Error while training a new model

adyprat commented 4 years ago

Hi, I'm trying to follow your documentation on predicting edge scores on your example data. I ran into the following issues:

I get the following error when I ran the command KERAS_BACKEND=theano python predict_no_y.py 9 NEPDF_data/ trained_models/KEGG_keras_cnn_trained_model_shallow.h5

The output is: Using Theano backend. select <class 'type'> (309, 64, 32, 1) x_test samples Traceback (most recent call last): File "predict_no_y.py", line 81, in model.load_weights(model_path) File "anaconda3/envs/cnnc/lib/python3.7/site-packages/keras/engine/saving.py", line 458, in load_wrapper return load_function(*args, **kwargs) File "anaconda3/envs/cnnc/lib/python3.7/site-packages/keras/engine/network.py", line 1208, in load_weights with h5py.File(filepath, mode='r') as f: File "anaconda3/envs/cnnc/lib/python3.7/site-packages/h5py/_hl/files.py", line 394, in init swmr=swmr) File "anaconda3/envs/cnnc/lib/python3.7/site-packages/h5py/_hl/files.py", line 170, in make_fid fid = h5f.open(name, flags, fapl=fapl) File "h5py/_objects.pyx", line 54, in h5py._objects.with_phil.wrapper File "h5py/_objects.pyx", line 55, in h5py._objects.with_phil.wrapper File "h5py/h5f.pyx", line 85, in h5py.h5f.open OSError: Unable to open file (truncated file: eof = 8650752, sblock->base_addr = 0, stored_eof = 8661656)

I'm using Linux OS and installed the packages using Anaconda. The h5 files are obtained after extracting the .rar file containing the models. Could you provide the original .hd5 files without using .rar compression?

So I tried training my own model using KERAS_BACKEND=theano python train_new_model/train_with_labels_wholedatax.py 9 NEPDF_data/ 3. Then I got another error:

Using Theano backend. 0 12 1 12 2 144 3 48 4 15 5 18 6 3 7 12 8 45 Traceback (most recent call last): File "train_new_model/train_with_labels_wholedatax.py", line 63, in (x_train, y_train,count_set_train) = load_data_TF2(whole_data_TF,data_path) File "train_new_model/train_with_labels_wholedatax.py", line 51, in load_data_TF2 yydata_x = yydata_array.astype('int') ValueError: invalid literal for int() with base 10: 'olfr1136\tgnal'

I'm not sure how to fix this.

Also, the usage for scripts get_xy_label_data_cnn_combine_from_database.py and predict_no_y differ from documentation and the actual scripts. Which is the correct command?

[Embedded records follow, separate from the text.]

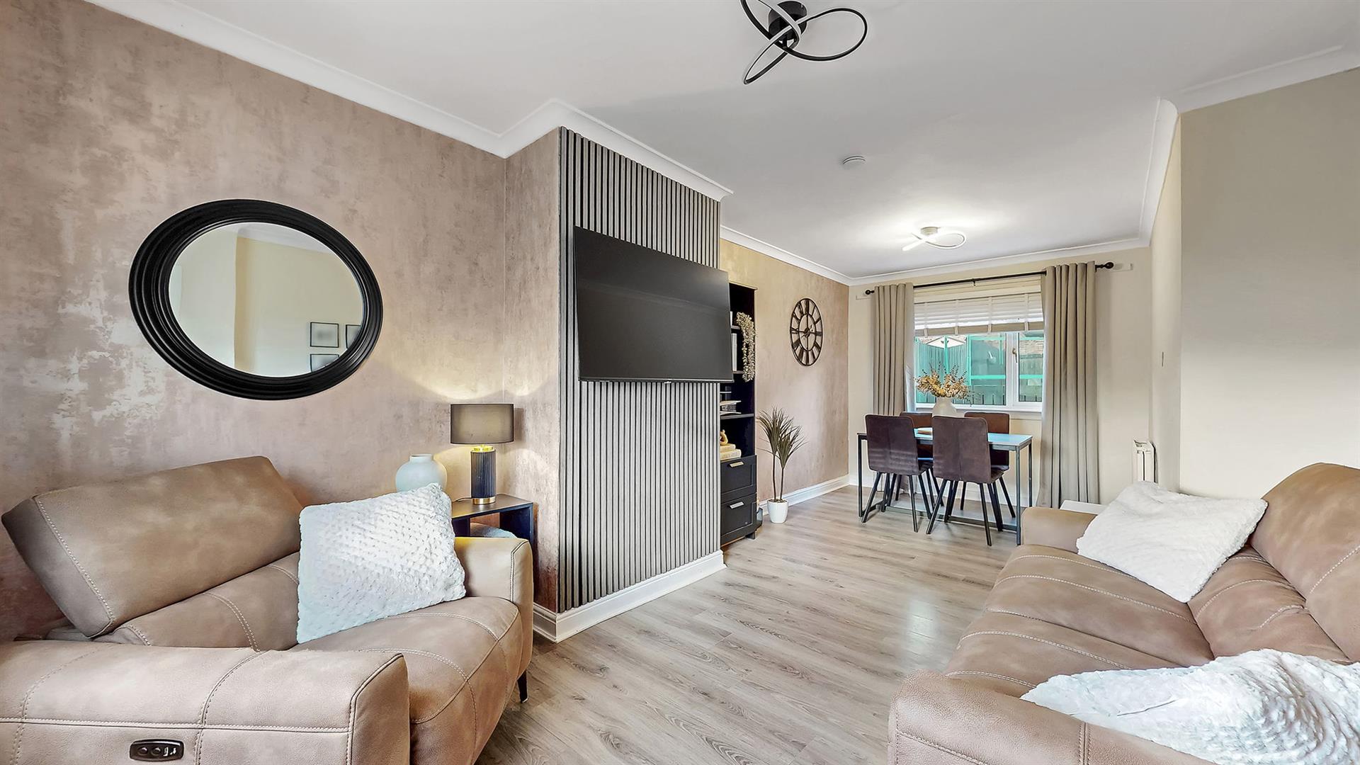 To the front of the property, there is ample on-street parking and a low maintenance lawn garden. Upon entering, you are welcomed into the bright reception hallway which leads to all rooms within this splendid property. The beautifully decorated open-plan lounge and dining area boasts a feature wall and dual aspect windows providing an abundance of natural light.
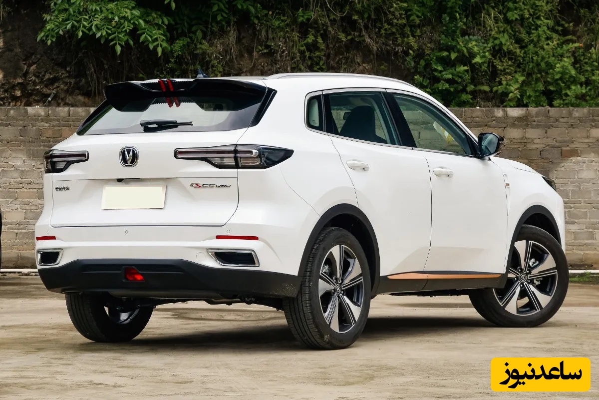 به لطف رینگهای 19 اینچ و شیب ملایم سقف که در انتها با بالچه همرنگ بدنه میرسد، حس اسپرت چانگان cs55 پلاس تقویت شده است. تزینات کروم در قاب پنجرهها و رکاب وجود دارند، اما آینه بغل سیاه و ریل باربند، نقرهای رنگ هستند. خطوط برجسته، از چراغهای جلو و عقب به سمت درها کشیدهاند؛ همچنین در محل رکابهای و سقف، حجمدهی چشمنواز دیده میشود.
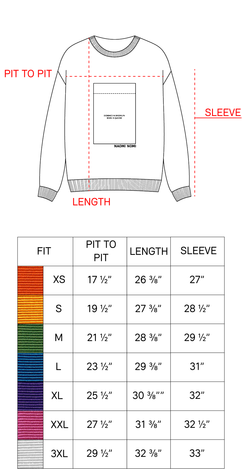 Because these are made from upcycled vintage, there are slight measurement variations across sweatshirts of the same size, but we are confident in the specs of this guide. Still unsure about your fit? Email studio@naominomi.com and we’ll be happy to help.
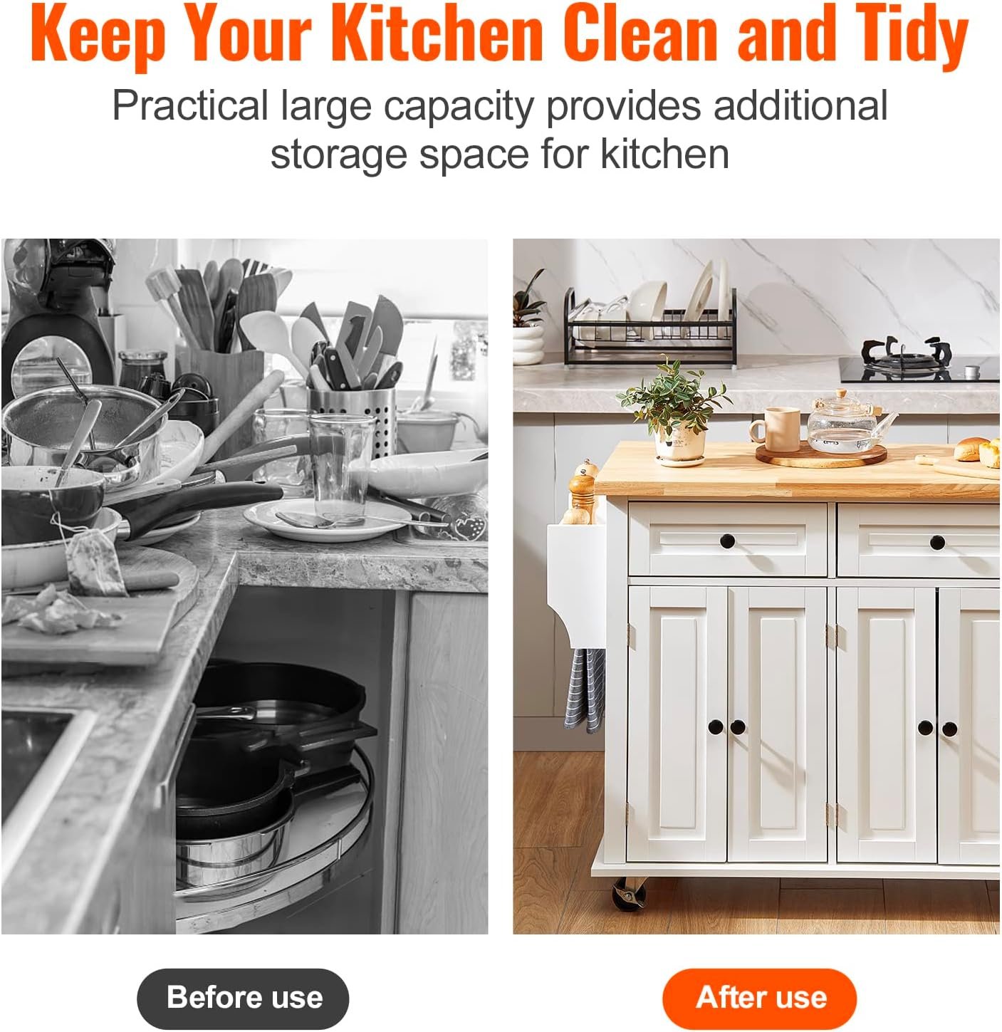 In summary, the kitchen island from VEVOR is a top choice for maximizing kitchen storage, style, and mobility in 2025. Get yours to transform your cooking space today!

I'll appreciate it if you can help me with this/update your documentation accordingly.

Thank you, -Aditya

xiaoyeye commented 4 years ago

Hi, Thanks very much for your interest and attention. I am very sorry that there are some bugs and unclear staffs. Now I corrected all potential bugs and made the readme clear. plz download the latest version.

Below is the command line I used right now. All the four work now. plz read the readme carefully and make sure that all files have correct paths, since users may have different computer environments.

generate train and test data

@compute-0-16 CNNC-master]$ python get_xy_label_data_cnn_combine_from_database.py /home/yey/CNNC-master/data/bulk_gene_list.txt /home/yey/CNNC-master/data/sc_gene_list.txt /home/yey/CNNC-master/data/mmukegg_new_new_unique_rand_labelx.txt /home/yey/CNNC-master/data/mmukegg_new_new_unique_rand_labelx_num_sy.txt /home/yey/sc_process_1/new_bulk_mouse/prs_calculation/mouse _bulk.h5 /home/yey/sc_process_1/rank_total_gene_rpkm.h5 1
(pay attention to flag setting. if you want to use the data to train new models, you should set it as 1)

######## make prediction with trained model @compute-0-16 CNNC-master]$ python predict_no_y.py 9 /home/yey/CNNC-master/NEPDF_data 3 /home/yey/CNNC-master/trained_models/KEGG_keras_cnn_trained_model_shallow.h5

################ 3 fold cross validation train @compute-0-16 train_new_model]$ python train_with_labels_three_foldx.py 9 /home/yey/CNNC-master/NEPDF_data 3 > results.txt

############### train model using all data @compute-0-16 train_new_model]$ python train_with_labels_wholedatax.py 9 /home/yey/CNNC-master/NEPDF_data 3 > results_whole.txt

############# prediction using the model with all data @compute-0-16 CNNC-master]$ python predict_no_y.py 9 /home/yey/CNNC-master/NEPDF_data 3 /home/yey3/pnas_github/CNNC-master/train_new_model/xwhole_saved_models_T_32-32-64-64-128-128-512_e200/keras_cnn_trained_model_shallow.h5

If you have any problems, plz do not hesitate to contact me.

Ye Yuan, Postdoc

Machine Learning Department

Carnegie Mellon University

------------------ Original ------------------ From: "adyprat";notifications@github.com; Send time: Wednesday, Sep 4, 2019 0:48 AM To: "xiaoyeye/CNNC"CNNC@noreply.github.com; Cc: "Subscribed"subscribed@noreply.github.com; Subject: [xiaoyeye/CNNC] Error while training a new model (#3)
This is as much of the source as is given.